Back to Arches National Park
October 31-November 1, 2016
Very grateful for surviving the tire mishap, we were back in Arches at about 4:40pm.
It was exhilirating wide open country and we were blessed with a fine day on which to view it. We had decided to make a quick tour of the main roads since it was now almost 7pm, with the plan to come back in the morning. At the very bottom of this view you can see the shadow of one of the rock formations to the west of us, so the shadows were already lengthening.

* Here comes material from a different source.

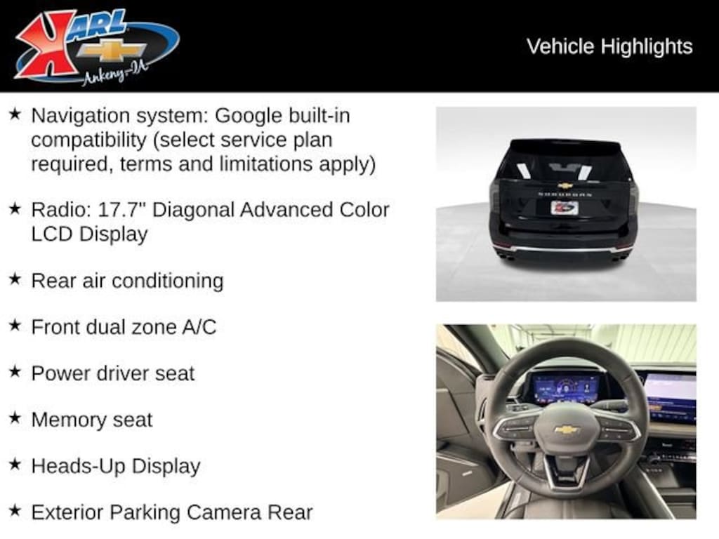 At Karl Chevrolet we want to help you find the best new or used car in Ankeny that suits your needs. Check out the 2025 Chevrolet Suburban For Sale in Ankeny, IA. When you buy a new car at Karl Chevrolet you know you're finding a vehicle you can rely on. We have a great selection of Platinum Quality Pre-Owned Vehicles. We also pride ourselves in creating a friendly atmosphere and reliable new car dealership that you can trust. Call us with any questions about our 2025 Chevrolet Suburban and our experts will be glad to help you! (515) 299-4300. *Equipment and options are generated by a 3rd party vendor, exact vehicle options may vary. Please see a salesperson for complete details and vehicle information.

This area is known as Salt Valley. The next day we saw it in a wider view from a high ridge. The display describes it thus: "Beneath the valley floor in front of you lies a thick layer of salt. Formed by the evaporation of ancient oceans, the salt became thousands of feet deep. Over the next 290 million years, this salt was buried by sand, silt and other sediments. Under pressure, the less dense salt rose into a dome, partly dissolved, and then collapsed, creating Salt Valley."
Left: "Windblown and waterborne sediments buried the salt. The weight of the overlying sediment forced the salt to flow, like a glacier, along its rock bed. Where the salt encountered a fault, it bulged upward, forming a salt dome." Middle: "Unable to bend, the overlying rock cracked. The cracks allowed water to seep into the salt, dissolving the upper layers. No longer supported, the overlying rock collapsed, creating Salt Valley. Right: "Rocks along the edge of the valley stretched and cracked in long lines, parallel to the length of the valley. The free-standing fins you see across the valley formed as erosion enlarged the parallel cracks. The process of erosion continues to sculpt a scenic backdrop for Salt Valley."
The view of the famous Delicate Arch from the lower viewpoint. We had driven past the main parking area were people take the 3 mile hike to get close to the arch. We went on some distance to this viewpoint where you get a more distant view of it and its surroundings.
I decided to take the trail to the upper viewpoint in this area. It was about a half mile and steep, but did give a clearer view of the arch. You can see the canyon that prevents you from going all the way to the arch from this approach. You can also see the tiny figures of those who hiked up the other trail for a close view.
We saw one last arch in the distance as the sky darkened toward sunset at about 8:20pm. It was interesting to see this much color in the eastern sky, almost a reflection of the color that was happening behind us in the western sky.